## [Your instructions]
Within the lines below, the span from the line with "Osvětlení zrcadla lze" to the line with "- Rəng: üst", both ends included, is to be reproduced exactly, with pictures omitted.

## [Records for the exercise]
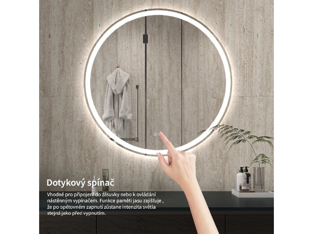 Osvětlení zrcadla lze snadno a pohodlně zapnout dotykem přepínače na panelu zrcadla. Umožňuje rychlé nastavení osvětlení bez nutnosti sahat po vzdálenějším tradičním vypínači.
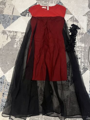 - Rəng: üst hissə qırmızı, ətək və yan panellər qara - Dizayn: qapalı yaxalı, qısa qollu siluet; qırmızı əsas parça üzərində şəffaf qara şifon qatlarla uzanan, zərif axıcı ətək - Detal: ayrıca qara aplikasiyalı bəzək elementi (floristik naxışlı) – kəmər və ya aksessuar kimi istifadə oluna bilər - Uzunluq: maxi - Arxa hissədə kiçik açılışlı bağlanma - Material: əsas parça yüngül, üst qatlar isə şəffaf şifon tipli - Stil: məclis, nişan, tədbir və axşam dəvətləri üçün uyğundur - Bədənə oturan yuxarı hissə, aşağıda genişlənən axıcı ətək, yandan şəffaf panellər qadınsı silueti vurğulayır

--

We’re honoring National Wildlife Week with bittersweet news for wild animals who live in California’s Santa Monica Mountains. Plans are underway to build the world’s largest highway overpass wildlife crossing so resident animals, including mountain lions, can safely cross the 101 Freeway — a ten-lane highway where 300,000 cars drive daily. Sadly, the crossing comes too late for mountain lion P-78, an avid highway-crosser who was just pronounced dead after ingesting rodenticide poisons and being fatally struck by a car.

## [Answer box]
 Osvětlení zrcadla lze snadno a pohodlně zapnout dotykem přepínače na panelu zrcadla. Umožňuje rychlé nastavení osvětlení bez nutnosti sahat po vzdálenějším tradičním vypínači.
 - Rəng: üst hissə qırmızı, ətək və yan panellər qara - Dizayn: qapalı yaxalı, qısa qollu siluet; qırmızı əsas parça üzərində şəffaf qara şifon qatlarla uzanan, zərif axıcı ətək - Detal: ayrıca qara aplikasiyalı bəzək elementi (floristik naxışlı) – kəmər və ya aksessuar kimi istifadə oluna bilər - Uzunluq: maxi - Arxa hissədə kiçik açılışlı bağlanma - Material: əsas parça yüngül, üst qatlar isə şəffaf şifon tipli - Stil: məclis, nişan, tədbir və axşam dəvətləri üçün uyğundur - Bədənə oturan yuxarı hissə, aşağıda genişlənən axıcı ətək, yandan şəffaf panellər qadınsı silueti vurğulayır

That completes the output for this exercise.